Se proprio non si poteva spostare ancora la data del referendum (inizialmente doveva tenersi a marzo, ma allora con l’Italia nella morsa della pandemia si decise il rinvio) con un decreto di emergenza. Così avrebbero potuto allungare i tempi per la distribuzione, la restituzione delle buste e per la eventuale richiesta di duplicati, visti i problemi che affrontano per l’emergenza Covid-19 sia alcuni consolati che i servizi postali di alcuni paesi.

Un problema sul quale ha lanciato l’allarme anche l’on Fabio Porta, responsabile del Comitato per il No del Pd in Sudamerica.

In Argentina, dove risiede la più numerosa comunità italiana all’estero, è in atto una stringente quarantena che vieta i movimenti non indispensabili o non autorizzati. In Brasile, il secondo paese più colpito dalla pandemia al mondo, negli Stati Uniti, col maggior numero di contagi, nella Gran Bretagna, in Francia, dove risiedono quasi tutte le principali comunità all’estero, il Covid-19 crea serie difficoltà agli spostamenti.

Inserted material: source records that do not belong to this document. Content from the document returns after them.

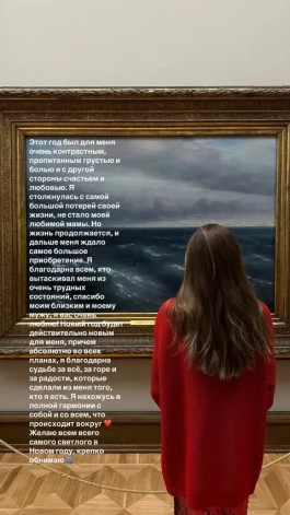 «Я благодарна всем, кто вытаскивал из очень трудных состояний, спасибо моим близким и моему мужу, я вас очень люблю. Новый год будет действительно новым для меня, причем абсолютно во всех смыслах, я благодарна судьбе за всё, за горе и за радости, которые сделали из меня того, кто я есть. Я нахожусь в полной гармонии с собой и со всем, что происходит вокруг», — резюмировала будущая мама.
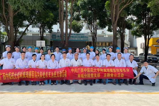 为庆祝中国共产党成立100周年,进一步加强基层党建工作,扎实开展“我为群众办实事”实践活动,5月18日,广西中医药大学附属瑞康医院内科党总支联合南城分院支部组织专家在南宁市西乡塘区南棉社区开展区域化党建惠社区大型义诊活动。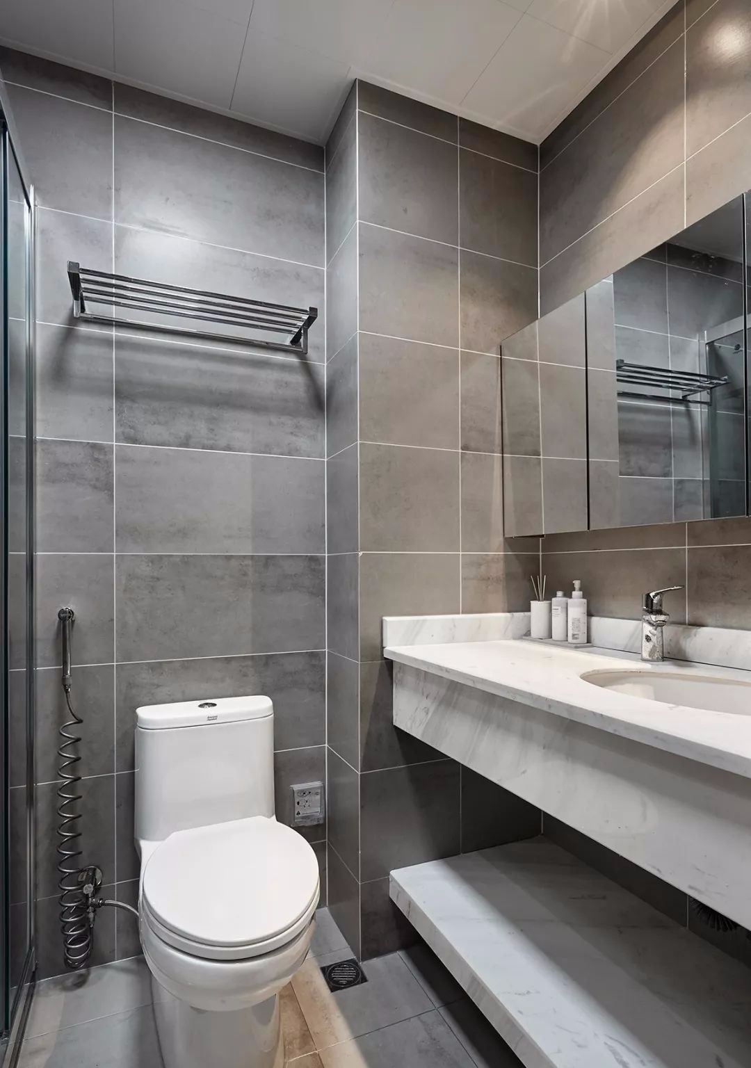 客卫面积较小,淋浴房做了三联动的移门,壁龛和镜柜都十分实用。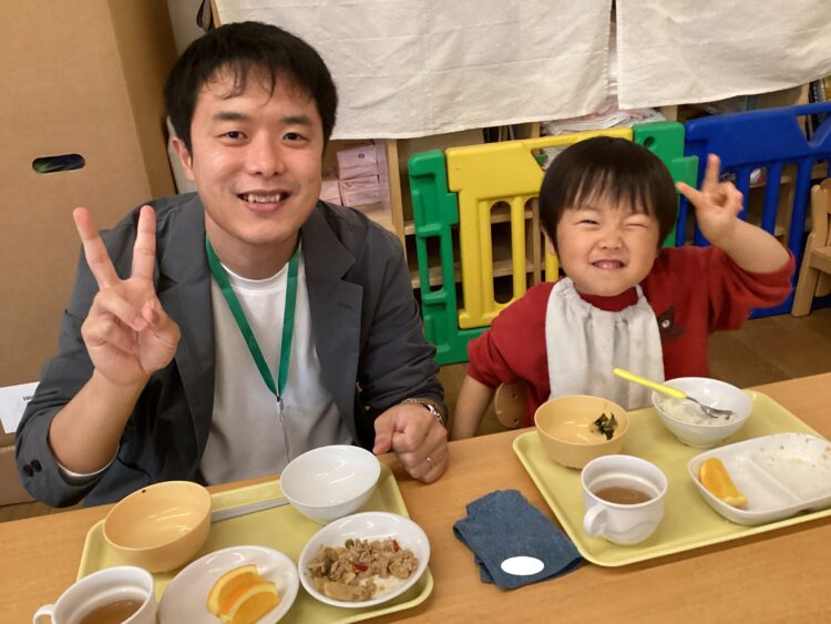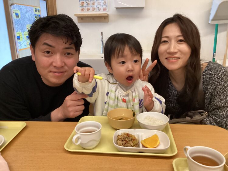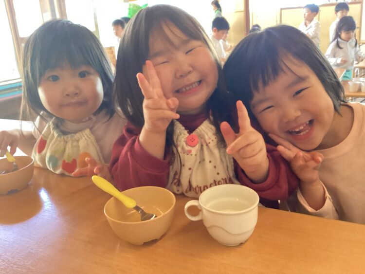 給食の所でも美味しくて笑顔のお友だちが![]()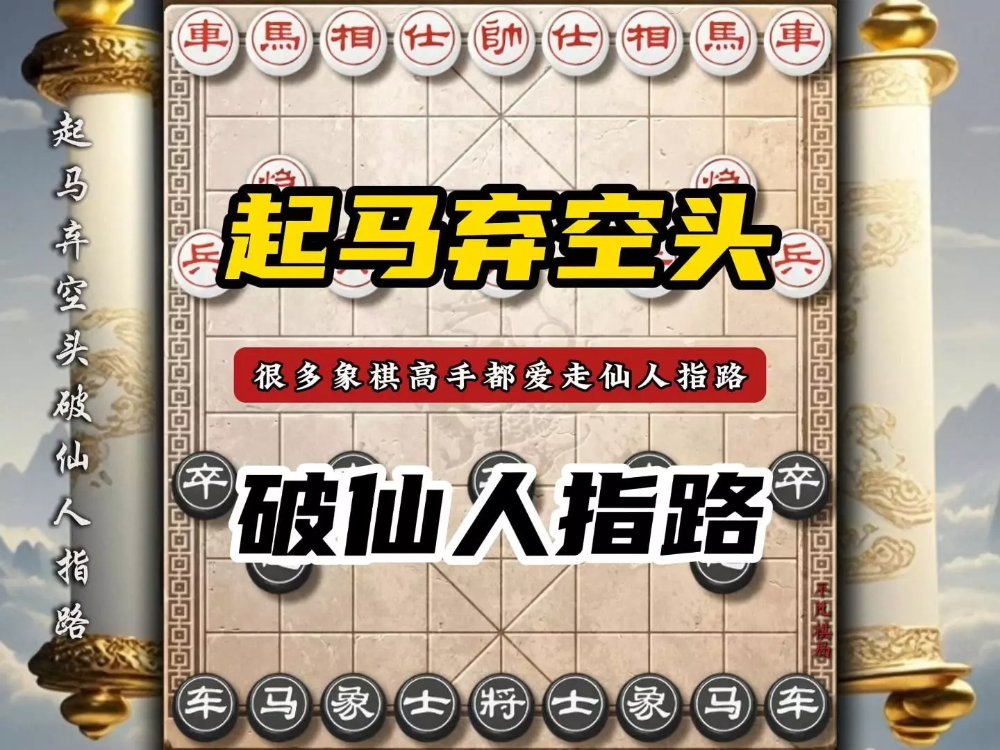 这是一则象棋游戏解说,为棋友讲解象棋仙人指路布局的常见套路,通过棋盘演示相关走法,帮助大家掌握该布局技巧。
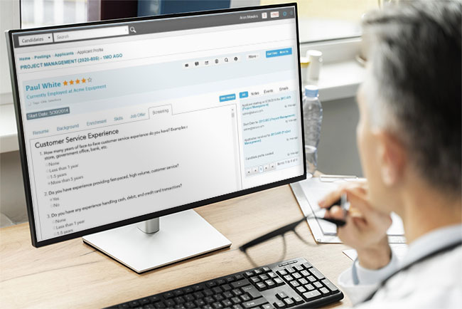 You get the ability to post jobs to your organization’s careers site as well as social media channels and allow applicants to self-register and apply for jobs. Applicants can submit resumes, apply for multiple jobs, review screening questions and respond to scheduled interviews.
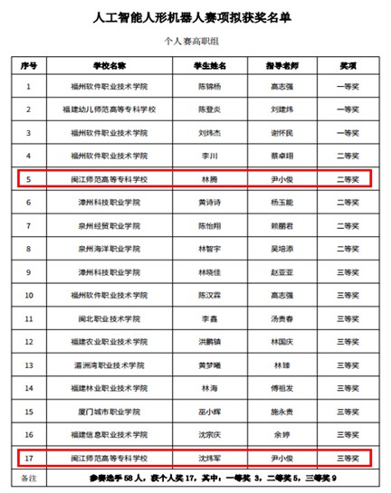 近日,由福建省教育厅、省人力资源和社会保障厅、省互联网信息办公室等主办的第十一届海峡两岸暨港澳大学生职业技能大赛人工智能人形机器人在福州软件职业技术学院举行。大赢家体育app下载数字信息工程学院尹小俊、兰妥两位老师指导,林腾、沈炜军、钟景旺三位同学组成的参赛团队获得人工智能人形机器人团体赛二等奖。林腾、沈炜军还分获个人赛二等奖、三等奖。

E per portare l busta alla posta, per forza bisogna uscire da casa. E non parliamo delle difficoltà che avranno gli elettori anziani, per i quali sono sconsigliate le uscite.

Se a questo aggiungiamo la quasi nulla campagna informativa e i tempi limitati per restituire le schede, non è difficile prevedere che la percentuale di partecipazione all’estero sarà piuttosto bassa.

Sono questioni che non interessano i populisti che hanno promosso la riforma.  Il nostro voto per loro è quasi superfluo, da cittadini di serie B, che per i populisti al governo, meno contano e meglio è.

Proprio per smentire i populisti è necessario votare per contare.